EDIT:// Also as per my suspicion, I was not able to rename both exactly the same. Well, at least not on one of the two routers I have. (Netgear and TCP Link). A little besides the point anyway as the Photon is unable to detect the 5G one :slight_smile:

Regards,
Friedl.

Thank you Friedl! I did see in other threads in this community (here and here) that there are definitely cases of SSIDs having the same name which allows for the initial connection, but then the router will force the Photon to the 5G which will cause the disconnect. I am still waiting to hear back from my customer if that’s the case with their setup, but I strongly suspect this applies to my situation as well. Will update when I find out!

@policenauts I’ll bet you a case of beer that its very simply the customer’s wifi router setting for channel width / bandwidth on the 2.4ghz network. It needs to be set to 20mhz, otherwise the router will try to increase bandwidth by using two wifi channels (40mhz or ‘auto’). When the router wanders past the 20mhz that the old particle understands then the conversation is completely missed.

It’s a known hardware limitation, official response years ago was that they didn’t see it as an issue (which is crazy talk considering devices will just fall quietly offline but keep breathing cyan every 20-60 mins on most modern wifi routers) and it’s not easily found anywhere in documentation or common issues. I seem to be the only person who ever talks about it, perhaps it’s my background as a network engineer, but mostly because of the continual and frequent support headache that it is.

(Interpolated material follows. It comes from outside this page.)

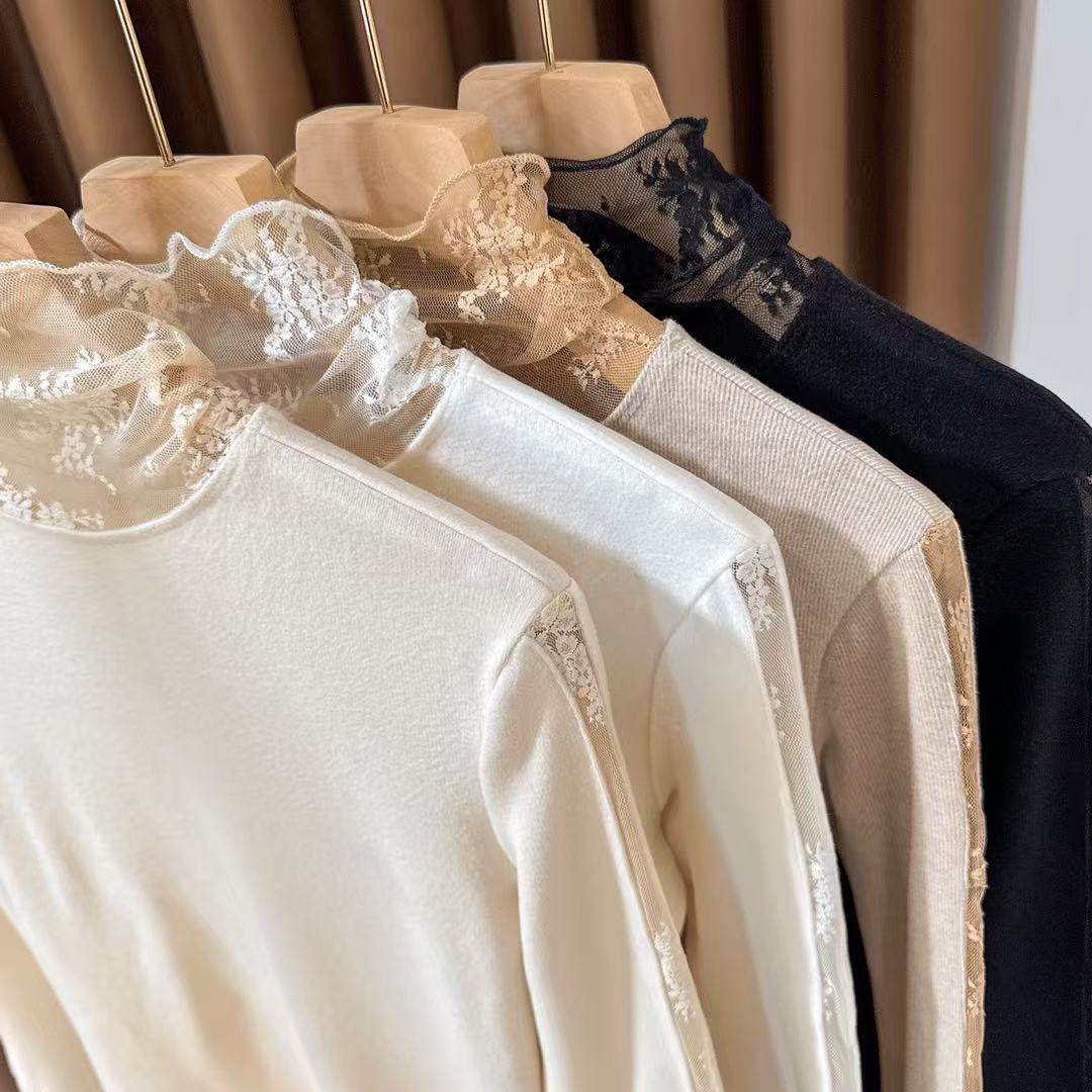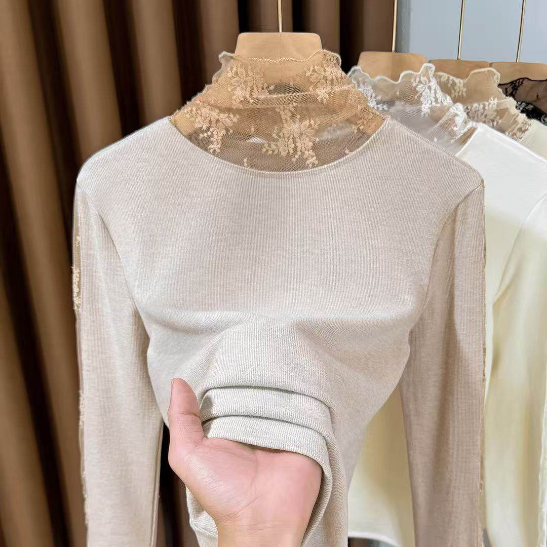 高级感高领磨毛蕾丝打底衫女秋冬新款加厚保暖牙签绒叠穿内搭小衫

The other company of note that gets the issue is LIFX, and their support forums are littered with folk recommending for people to buy an old BGN router and attach all their lights and IOT to that. What they haven’t quite figured out is the real cause use the channel width / bandwidth setting. The older BGN only could do 20mhz, so they quietly inherit the setting as there was no other possible setting.

Our recent blog article walks folk through some wifi optimisation tips and how to find / change their 20mhz setting: https://smartfirebbq.com/blogs/news/improving-your-home-wi-fi-for-smartfire-and-everything-else

2 Likes

Can I get in on this case of beer?? Would come in handy especially as Alcohol sales in SA has been prohibited due to lock down measures :rofl:

I have my home router set to Auto and have never has a Photon or Argon presenting this behaviour. Very curious now, I will force it to 40mhz and see what happens :see_no_evil:

Alcohol sales are prohibited in SA? Surely not! Here in Melb we’re now in Stage 4 and I can assure you all our bottleshops etc are fully functional!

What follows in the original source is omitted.